CVE®  - https://cve.mitre.org/
Palo Alto Networks - https://www.paloaltonetworks.com/ 
CrowdStrike - https://www.crowdstrike.com/
Vulnogram - https://vulnogram.github.io/
How to become a CNA - https://cve.mitre.org/cve/cna.html#become_a_cna
CVE Working Groups - https://cve.mitre.org/working_groups.html 

Episode 5 – David Waltermire of NVD speaks with Milind Kulkarni of NVIDIA and Kris Britton of the CVE Program to discuss the CVE Program's automated CVE Numbering Authority (CNA) services.
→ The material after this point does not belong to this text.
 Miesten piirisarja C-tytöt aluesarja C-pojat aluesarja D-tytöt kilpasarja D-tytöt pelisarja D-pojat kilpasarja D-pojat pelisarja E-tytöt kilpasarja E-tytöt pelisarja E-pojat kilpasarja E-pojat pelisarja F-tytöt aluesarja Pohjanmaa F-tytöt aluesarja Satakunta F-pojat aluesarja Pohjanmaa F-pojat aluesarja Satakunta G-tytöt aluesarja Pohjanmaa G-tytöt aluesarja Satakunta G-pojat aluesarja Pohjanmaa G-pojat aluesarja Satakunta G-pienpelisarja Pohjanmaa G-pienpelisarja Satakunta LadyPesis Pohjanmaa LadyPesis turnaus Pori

Topics include the automation architecture being developed and deployed by the CVE Automation Working Group (AWG); the benefits of using JSON for the CVE Record format; how automation simplifies and increases the speed of CNA processes; the currently deployed CVE ID Reservation (IDR) service; the upcoming release of the CVE Record Submission and Upload (RSUS) service; and future automation plans. 
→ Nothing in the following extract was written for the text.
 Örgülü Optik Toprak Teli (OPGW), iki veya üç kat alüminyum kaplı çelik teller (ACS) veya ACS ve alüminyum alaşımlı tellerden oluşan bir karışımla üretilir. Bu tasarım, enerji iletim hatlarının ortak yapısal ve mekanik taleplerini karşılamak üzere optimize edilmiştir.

CVE automated services on GitHub - https://github.com/CVEProject 
CVE AWG - https://cve.mitre.org/working_groups.html#awg
NVD - https://nvd.nist.gov/
NVIDIA - https://www.nvidia.com/
How to become a CNA - https://cve.mitre.org/cve/cna.html#become_a_cna

Episode 4 – Kelly Todd of the CVE Program interviews security researcher Larry Cashdollar about how he got started researching vulnerabilities and his experiences over the years, how he became the CVE Program’s first-ever independent vulnerability researcher CVE Numbering Authority (CNA), best practices, and the benefits of being able to assign his own CVE IDs to the vulnerabilities he discovers.
 
CVE - https://cve.mitre.org/
Larry Cashdollar - https://twitter.com/_larry0

Episode 3 - Shannon Sabens of CrowdStrike speaks with Jo Bazar of the CVE Program, Erin Alexander of CISA ICS, and Tomo Itou of JPCERT/CC about the structure and objectives of the CVE Numbering Authority (CNA) program, what it means to be a Root and a CNA, the benefits of partnering with the CVE Program, and recommendations for organizations considering becoming a Root or CNA.
 
CVE - https://cve.mitre.org/ 
CISA - https://www.cisa.gov/ 
CrowdStrike - https://www.crowdstrike.com/
JPCERT/CC - https://www.jpcert.or.jp/vh/index.html
How to become a CNA - https://cve.mitre.org/cve/cna.html#become_a_cna

Episode 2 - Chris Sandulow, Boris Sieklik, and Lena Smart from MongoDB discuss their internal processes for managing CVEs, the importance of CVSS scoring to their customers, the benefits experienced from partnering with the CVE Program as a CVE Numbering Authority (CNA), and recommendations for other organizations considering becoming a CNA. 

Episode 1 - Tod Beardsley of Rapid7, Tom Millar of CISA, Chris Levendis of the CVE Program, and Dave Waltermire of NIST's NVD discuss how their organizations and the community all work together to advance the CVE Program’s mission to identify, define, and catalog publicly disclosed cybersecurity vulnerabilities.